Свою лошадь Соня навещала несколько раз в неделю, наматывая каждый месяц по полтыщи километров. Я предложил как-нибудь съездить всем вместе – провести день за городом и заодно познакомить девушек друг с другом. Они быстро нашли общий язык, как умели находить его с четвероногими. Я сидел на заднем сиденье белоснежной Сониной «либерти» и смотрел, как летят за окном выгоревшие на солнце равнины по ту сторону городской черты, а Соня, по-мужски небрежно подруливая кончиками пальцев, рассказывала Даре историю своей лошади, похожую на сюжет из Диккенса. Ранние годы Бадди были покрыты мраком, как родословная подкидыша, хотя, в отличие от этого последнего, о чистопородности лошади можно судить с относительной уверенностью. Бадди был отличным образцом американского кватерхорса, что не помешало ему оказаться в руках какого-то мудака и превратиться из коренастого, сильного и добродушного животного в скелет, покрытый язвами. Копыта у него отросли так, что стали загибаться кверху, как носки шутовских башмаков.

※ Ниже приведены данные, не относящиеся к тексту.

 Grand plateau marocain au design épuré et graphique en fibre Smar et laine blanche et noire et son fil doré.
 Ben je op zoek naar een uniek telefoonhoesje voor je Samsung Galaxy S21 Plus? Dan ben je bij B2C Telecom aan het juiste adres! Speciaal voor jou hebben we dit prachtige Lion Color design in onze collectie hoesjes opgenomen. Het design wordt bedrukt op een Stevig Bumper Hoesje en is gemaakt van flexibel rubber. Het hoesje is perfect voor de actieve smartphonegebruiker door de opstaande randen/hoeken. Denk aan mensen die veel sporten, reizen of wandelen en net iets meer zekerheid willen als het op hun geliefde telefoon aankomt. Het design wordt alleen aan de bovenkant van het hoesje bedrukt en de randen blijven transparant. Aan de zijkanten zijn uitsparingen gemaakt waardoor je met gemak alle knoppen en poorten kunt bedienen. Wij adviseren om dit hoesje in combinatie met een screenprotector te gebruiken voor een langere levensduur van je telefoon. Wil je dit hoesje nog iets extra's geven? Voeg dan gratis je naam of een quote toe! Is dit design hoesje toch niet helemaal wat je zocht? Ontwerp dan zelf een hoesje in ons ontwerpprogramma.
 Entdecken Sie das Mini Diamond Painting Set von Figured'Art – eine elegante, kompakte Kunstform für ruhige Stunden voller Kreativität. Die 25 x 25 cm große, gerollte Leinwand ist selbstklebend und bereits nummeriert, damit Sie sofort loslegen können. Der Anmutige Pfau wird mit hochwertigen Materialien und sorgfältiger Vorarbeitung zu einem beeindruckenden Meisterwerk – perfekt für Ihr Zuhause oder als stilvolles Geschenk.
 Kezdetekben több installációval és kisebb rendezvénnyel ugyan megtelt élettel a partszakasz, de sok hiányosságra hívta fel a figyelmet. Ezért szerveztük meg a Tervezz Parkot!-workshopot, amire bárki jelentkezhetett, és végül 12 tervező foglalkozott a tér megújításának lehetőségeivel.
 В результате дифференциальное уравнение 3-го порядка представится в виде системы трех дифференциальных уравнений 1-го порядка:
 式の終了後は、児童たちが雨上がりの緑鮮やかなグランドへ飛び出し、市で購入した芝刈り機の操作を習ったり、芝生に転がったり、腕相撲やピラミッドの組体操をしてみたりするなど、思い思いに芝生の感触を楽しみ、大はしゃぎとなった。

Он был чудовищно обезвожен, но железный организм неприхотливой ковбойской лошади не давал ему умереть, растягивая страдания на месяцы и годы. Сколько именно Бадди провел в своем стойле, следствию выяснить не удалось. Оставшийся неназванным хозяин отделался штрафом в шестьсот долларов. Реабилитация животного обошлась благотворительному фонду несоизмеримо дороже. Когда Соня увидела у них на сайте фотографию Бадди с черной челкой над умильным круглым глазом, он уже наслаждался вольным выпасом в своей временной приемной семье. Было ему около десяти лет, шрамы на блестящей коричневой шкуре уже затянулись, и он был готов переехать в свой постоянный дом, буде таковой найдется: лошадь не щенок, в хорошие руки ее пристроить гораздо труднее. Соня долго не думала, и с тех пор – вот уже шестой год – они с Бадди не расставались. Она даже отдыхать ездила с конным трейлером на прицепе.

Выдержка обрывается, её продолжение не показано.